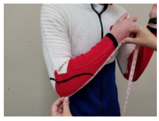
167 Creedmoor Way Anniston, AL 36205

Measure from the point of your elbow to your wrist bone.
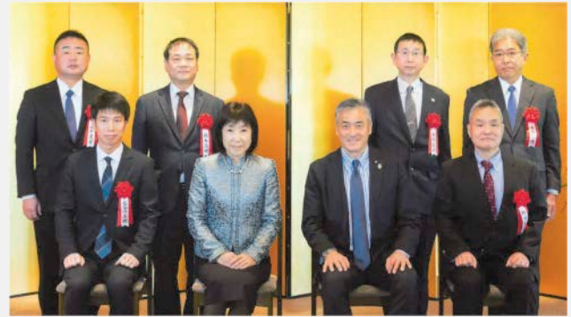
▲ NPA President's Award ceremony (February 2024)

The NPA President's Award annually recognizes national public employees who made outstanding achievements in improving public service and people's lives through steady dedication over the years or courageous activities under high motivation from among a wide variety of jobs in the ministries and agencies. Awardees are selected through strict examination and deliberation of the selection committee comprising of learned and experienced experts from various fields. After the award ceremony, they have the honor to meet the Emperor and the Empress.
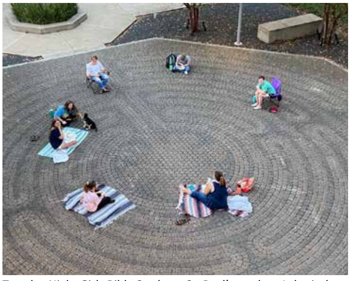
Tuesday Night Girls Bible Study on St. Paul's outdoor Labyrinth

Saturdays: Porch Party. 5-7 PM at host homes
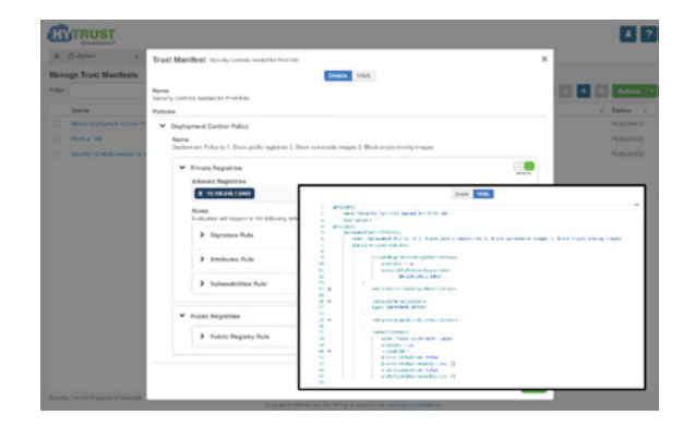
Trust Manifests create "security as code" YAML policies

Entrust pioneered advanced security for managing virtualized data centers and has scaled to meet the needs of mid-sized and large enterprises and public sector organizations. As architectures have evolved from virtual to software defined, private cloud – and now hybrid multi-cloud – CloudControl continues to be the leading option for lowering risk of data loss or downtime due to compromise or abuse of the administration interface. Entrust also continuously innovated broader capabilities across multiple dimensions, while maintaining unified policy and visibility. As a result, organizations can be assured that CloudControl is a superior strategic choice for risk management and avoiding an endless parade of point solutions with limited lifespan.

-----

What to work on: The answer must consist only of the lines from the beginning of the entries above through the line that holds "Trust Manifests create", reproduced exactly and without pictures.

Solution for this exercise:
167 Creedmoor Way Anniston, AL 36205

Measure from the point of your elbow to your wrist bone.
▲ NPA President's Award ceremony (February 2024)

The NPA President's Award annually recognizes national public employees who made outstanding achievements in improving public service and people's lives through steady dedication over the years or courageous activities under high motivation from among a wide variety of jobs in the ministries and agencies. Awardees are selected through strict examination and deliberation of the selection committee comprising of learned and experienced experts from various fields. After the award ceremony, they have the honor to meet the Emperor and the Empress.
Tuesday Night Girls Bible Study on St. Paul's outdoor Labyrinth

Saturdays: Porch Party. 5-7 PM at host homes
Trust Manifests create "security as code" YAML policies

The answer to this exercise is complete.